Pemerintah menegaskan komitmennya untuk memastikan bahwa Badan Gizi Nasional menjalankan tugas dan fungsinya secara optimal dan akuntabel dalam mendukung keberhasilan program Makan Bergizi Gratis. Evaluasi dan pengawasan ini diharapkan dapat mencegah praktik-praktik yang menyimpang dan menjaga integritas pelaksanaan program yang sangat penting bagi gizi anak-anak Indonesia. Penggeledahan yang dilakukan oleh Kejaksaan Agung ini tampaknya berkaitan erat dengan temuan awal dari proses audit internal tersebut.
Latar Belakang Program Makan Bergizi Gratis (MBG)
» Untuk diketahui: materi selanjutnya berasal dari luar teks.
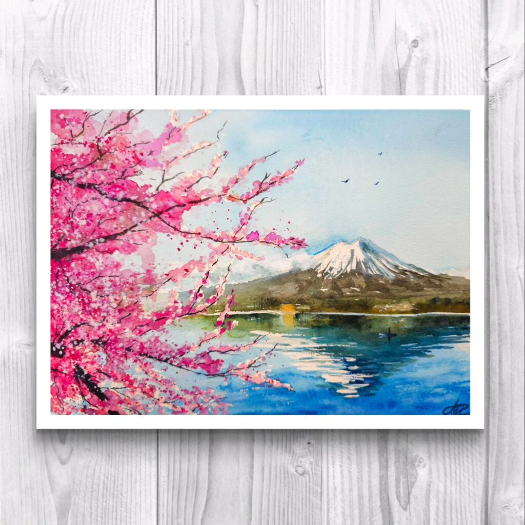 - Akwarela: Magenta w akwareli (np. PR122, PV19) jest wyjątkowo czysta i świetlista. Dzięki gumie arabskiej i wodzie pigment kładzie się cienką, transparentną warstwą, dając lekko chłodnawy, „świetlisty” róż. Akwarelowa magenta jest zwykle bardzo żywa i chłodna w tonie – idealna do laserunków i mieszania. Pigment może być nieco trudny w rozprowadzeniu na sucho (suchy pigment „zasklepia się” – wiele syntetycznych organicznych pigmentów jest hydrofobowych), dlatego producenci często dodają miodu lub gliceryny (jak Roman Szmal) by ułatwić rozpuszczanie. Plama akwarelowej magenty mocno wżera się w papier (trudno ją całkowicie usunąć po wyschnięciu), co z jednej strony utrudnia korygowanie, ale z drugiej – pozwala nakładać kolejne warstwy bez rozmywania poprzednich.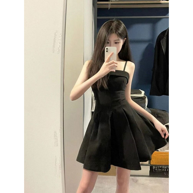 フレンチブラックサスペンダードレス女性のための 2025 夏の新スタイルスリムフィットプリーツショートスカート純粋な欲望ホットガールセクシー
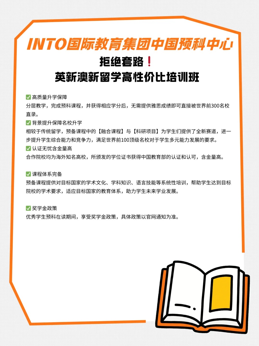 📢同学们!真的别再死磕高考独木桥了!可以多看看英新澳留学!英国、新加坡、新西兰、澳大利亚在教育质量、留学成本、入学门槛等方面都有各自的优势,能为成绩普通的孩子提供了广阔的留学空间以及就业选择📈 而且现在英新澳很多顶尖大学都接受预科成绩,高二结束就能申请,平均分 60 + 也有机会冲 QS 前 100哦~ . 💡哪些孩子最适合走预科? ✅高中成绩中等偏下,想进世界名校 ✅偏科严重但有擅长领域(比如艺术 / 商科) ✅英语基础一般,需要过渡期适应学术环境 . 【西安 电 ⼦ 科 技 ⼤ 学 ⻘ 岛计 算 技 术 研 究 院 & I N T O 教 育 集 团 国 际 预 科 课 程 】 ✅ 完成课程且成绩达标,就能被目标国家高校直录,名校直录不是梦 ✅ 背景实力强,提供融合课程及科研项目,助力提升综合能力,增强申请名校竞争力。 ✅ 课程体系完备,快速帮助适应海外教育体系。 ✅ 灵活性高,适配不同学习需求 ✅ 支持服务贴心,全程保障学生发展 . 预科就像一个“缓冲带”,用一年左右的时间帮你打基础,适应国外的学习节奏和模式,只要预科成绩达标,就能顺利升入对应的本科啦~ 如果您也有一个名校梦,随时dd!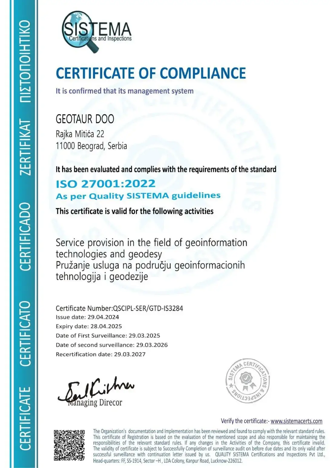 - ISO 9001:2015 – sistem upravljanja kvalitetom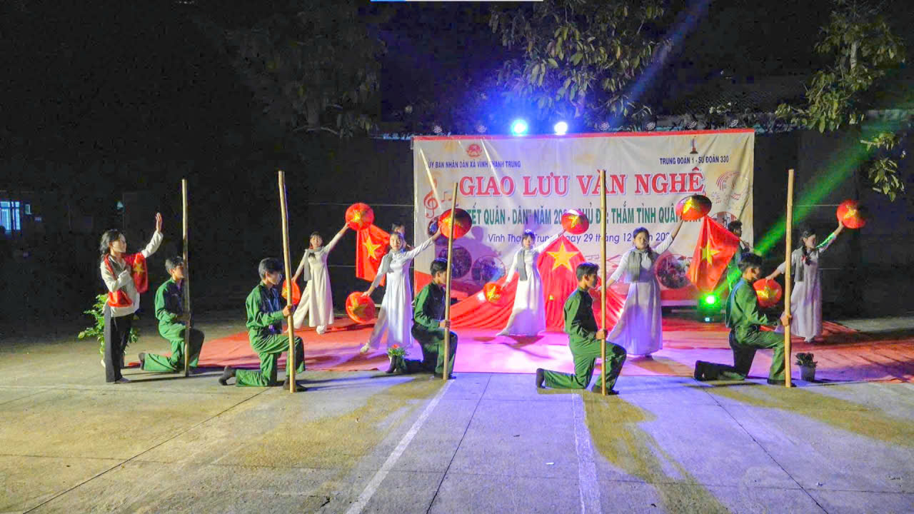 Đêm giao lưu có sự tham dự của Lãnh đạo địa phương, Ban Chỉ huy Trung đoàn 1 cùng hơn 150 cán bộ, chiến sĩ và đông đảo bà con nhân dân. Trong không khí hân hoan của những ngày cuối năm, khán giả đã được thưởng thức một không gian âm nhạc đặc sắc. Từ những ca khúc hào hùng như “Linh thiêng Việt Nam”, sâu lắng như “Người gieo mầm xanh” đến các bài ca cổ thắm đượm tình quê và các tiết mục nhảy hiện đại sôi động, tất cả đã tạo nên một đêm giao lưu văn nghệ đầy sắc màu.
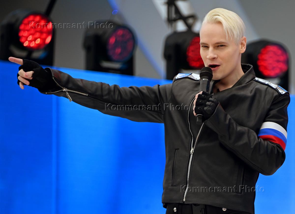 Всемирный фестиваль молодежи на Федеральной территории "Сириус". Утреннее шоу WAKE UP CITY. Певец SHAMAN (Ярослав Дронов) во время шоу.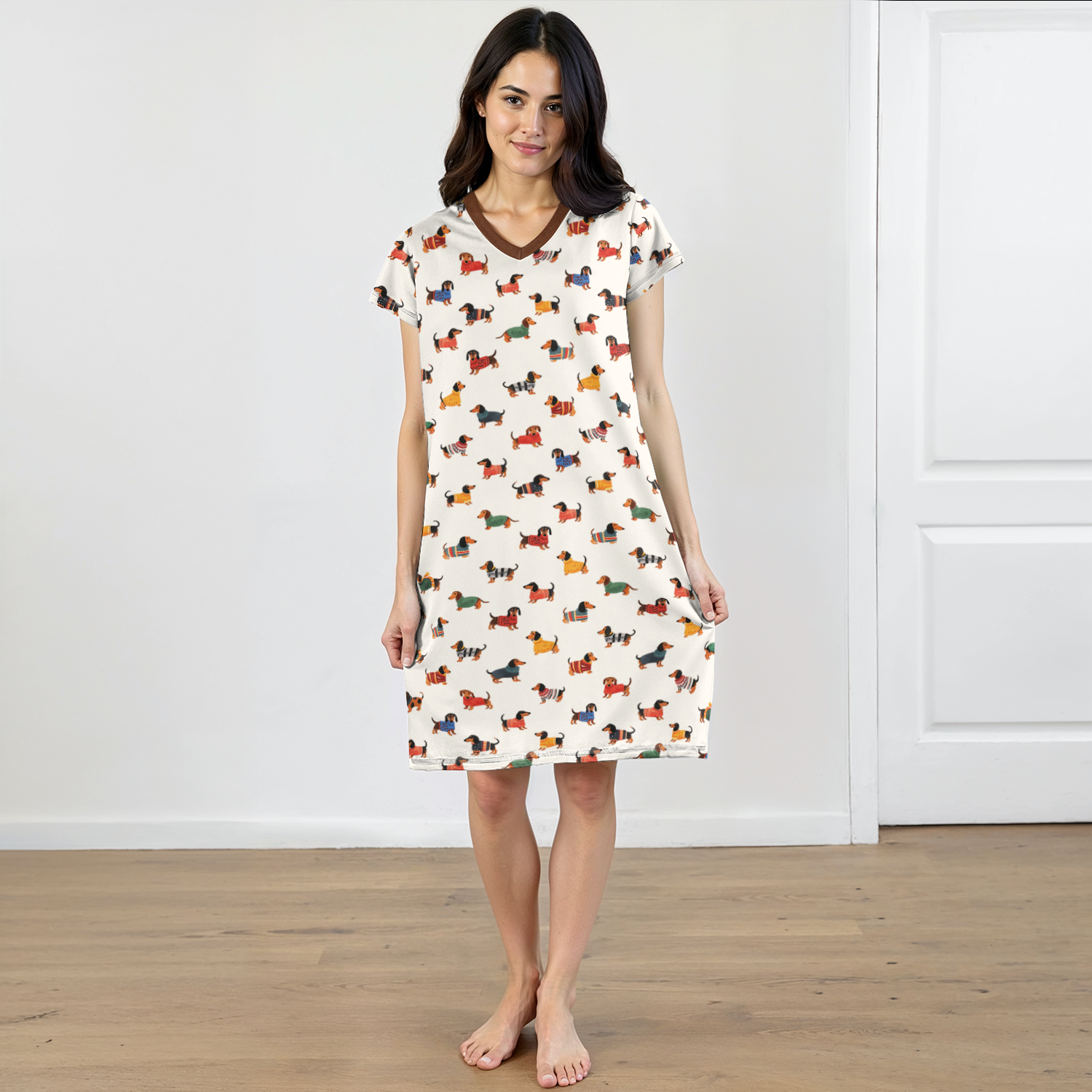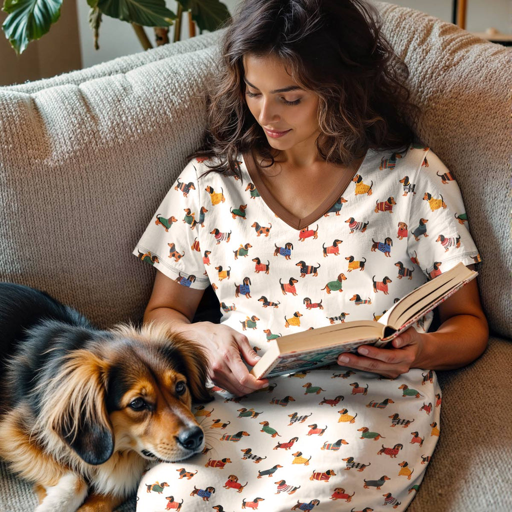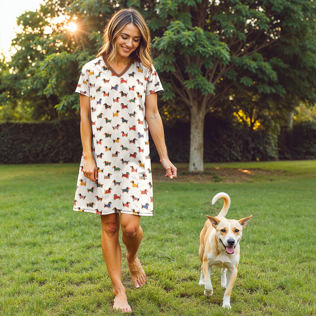 V-Neck Nightshirt – Light, Easy, and Dachshund-Loving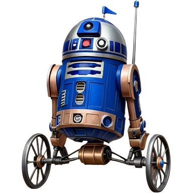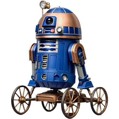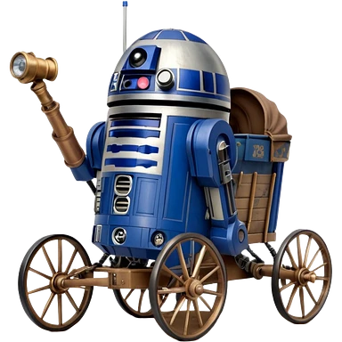 Action in Old American West tarnished R2D2 bounty policeman in 1854 delicately ornate rosegold accents painted buggy wagon powered by electric motors and batteries with safety features and belts flying rapidly across rough dusty terrain stable on strong agile futuresteampunk suspension and steering emoji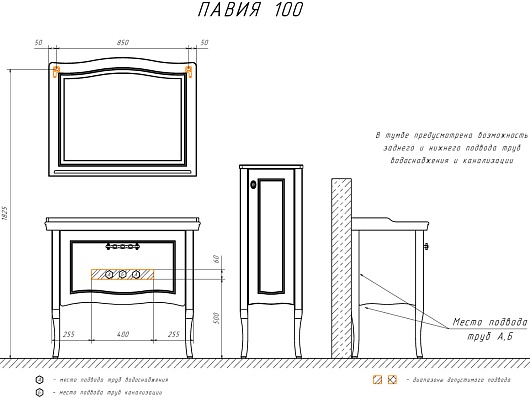 В комплекте: тумба, раковина, зеркало, ножки.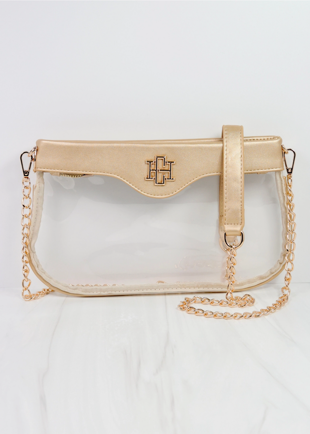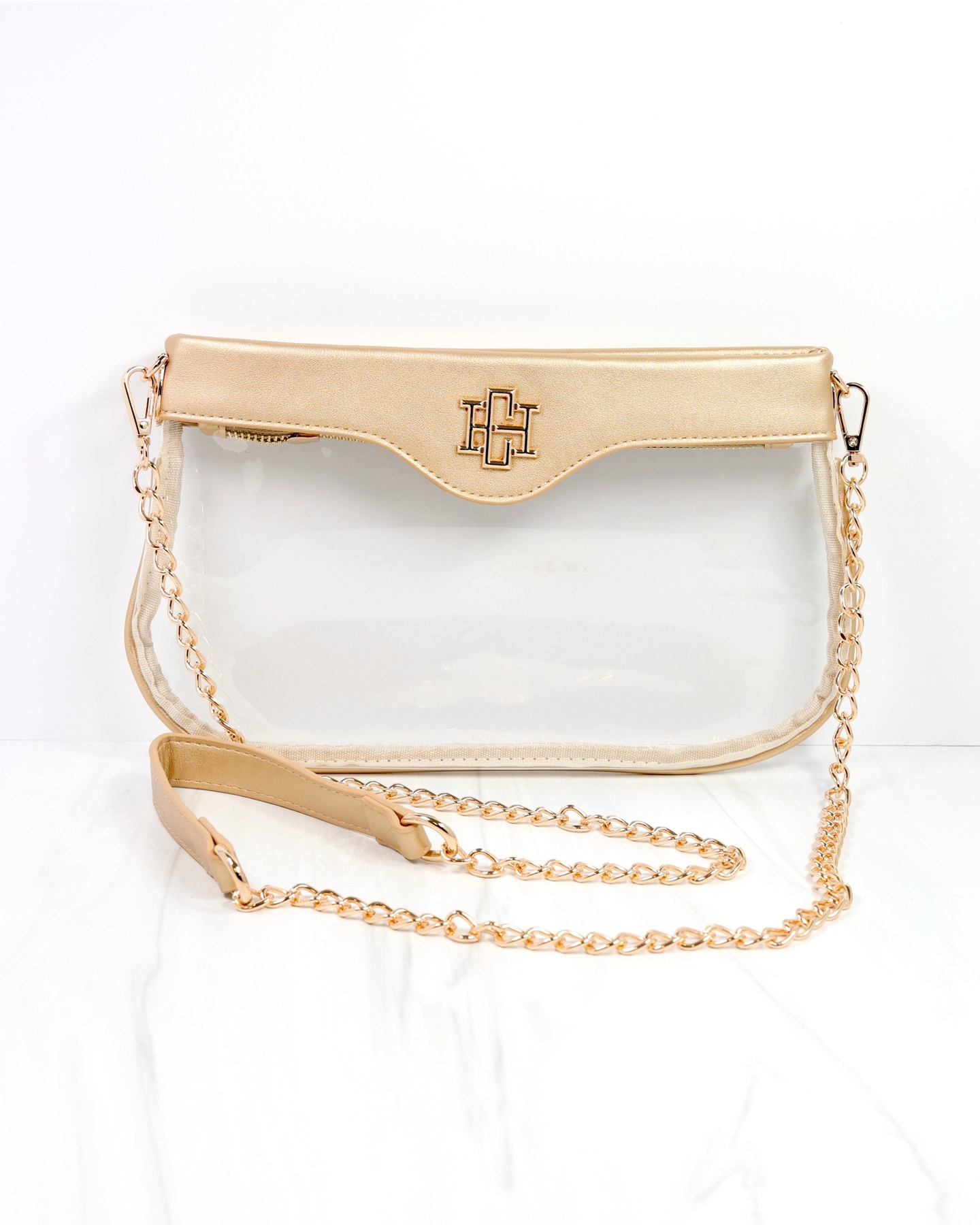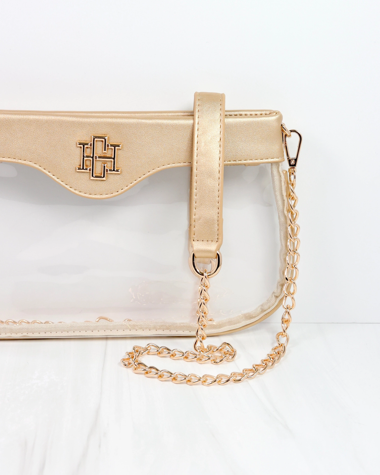The Madi Clear Crossbody in Gold is the perfect accessory for game day, combining style and practicality. Its transparent design meets stadium requirements, while the chic chain strap adds a fashionable touch. Easily pair it with our purse chains or charms and keep essentials close at hand.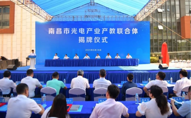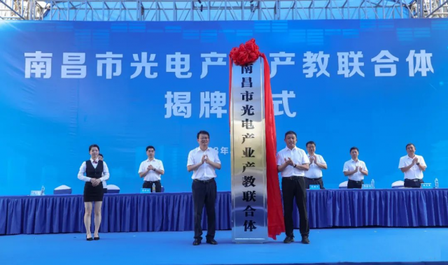 8月18日,由南昌高新区牵头组建的南昌市光电产业产教联合体举行揭牌仪式。市长万广明、教育部职业教育与成人教育司副司长林宇共同为联合体成立揭牌。省委教育工委委员、省教育厅总督学曹伴好,省教育厅二级巡视员杨春年出席仪式。市委常委、区党工委书记王万征主持揭牌仪式。区党工委委员、管委会副主任熊俊,我校党委书记裴鸿卫,江西现代职业技术学院院长廖列法,南昌华勤电子科技有限公司副总裁俸文举参加。
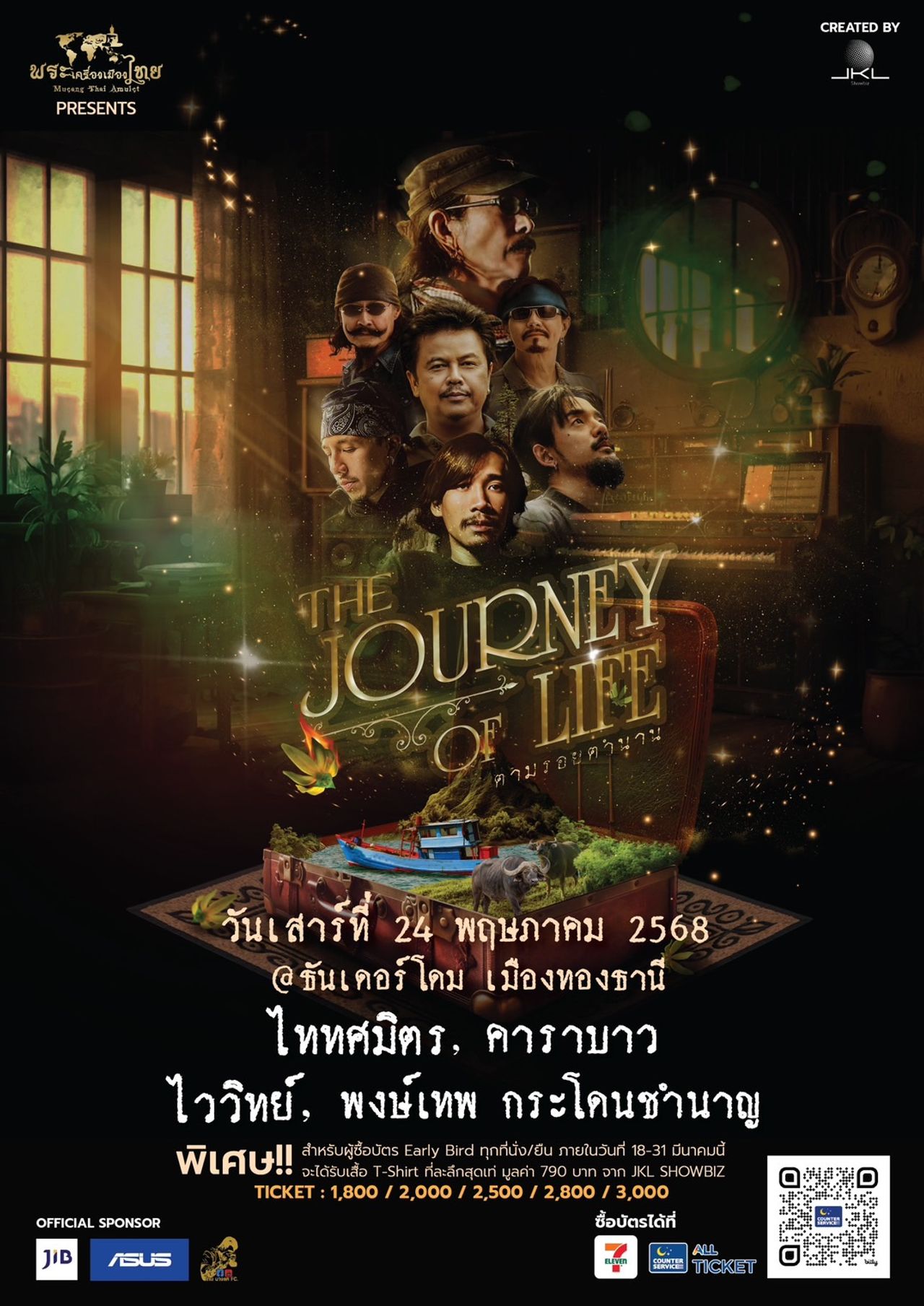 พระเครื่องเมืองไทย Presents ภูมิใจเสนอ THE JOURNEY OF LIFE CONCERT "ตามรอยตำนาน" คอนเสิร์ตระดับงานช้างที่แฟนเพลงเพื่อชีวิตจะต้องร่วมกันจารึกไว้ในประวัติศาสตร์ในวงการ เมื่อสองศิลปินเพื่อชีวิตระดับตำนานอย่าง คาราบาว และ พงษ์เทพ กระโดนชำนาญ ต้องประสานมือกันชนสองวงเพื่อชีวิตรุ่นใหม่ไฟแรงที่ใส่ความมันส์กันแบบไม่ยั้งอย่าง ไววิทย์ และ ไททศมิตร ที่บอกได้คำเดียวว่าจะทำให้เวทีระอุด้วยความมันส์ระดับลุกเป็นไฟ

Program Makan Bergizi Gratis (MBG) merupakan salah satu inisiatif prioritas pemerintah yang bertujuan untuk meningkatkan status gizi anak-anak usia sekolah, khususnya mereka yang berasal dari keluarga kurang mampu. Program ini menyediakan makanan bergizi setiap hari bagi para siswa di sekolah-sekolah yang ditunjuk.
Pelaksanaan program ini melibatkan berbagai pihak, termasuk Kementerian Pendidikan, Kementerian Kesehatan, dan lembaga-lembaga terkait seperti Badan Gizi Nasional. BGN memiliki peran krusial dalam perencanaan, pengawasan, dan evaluasi program, termasuk dalam penentuan titik-titik layanan gizi yang optimal.
Dugaan adanya praktik jual beli titik SPPG dalam program MBG menjadi perhatian serius karena berpotensi merugikan anggaran negara dan mengurangi kualitas serta jangkauan program bagi anak-anak yang seharusnya menerima manfaat. Jika praktik ini terbukti, maka akan menjadi catatan hitam dalam pelaksanaan program pemerintah yang bertujuan mulia. Penggeledahan oleh Kejaksaan Agung diharapkan dapat mengungkap kebenaran di balik dugaan tersebut dan memberikan keadilan bagi masyarakat.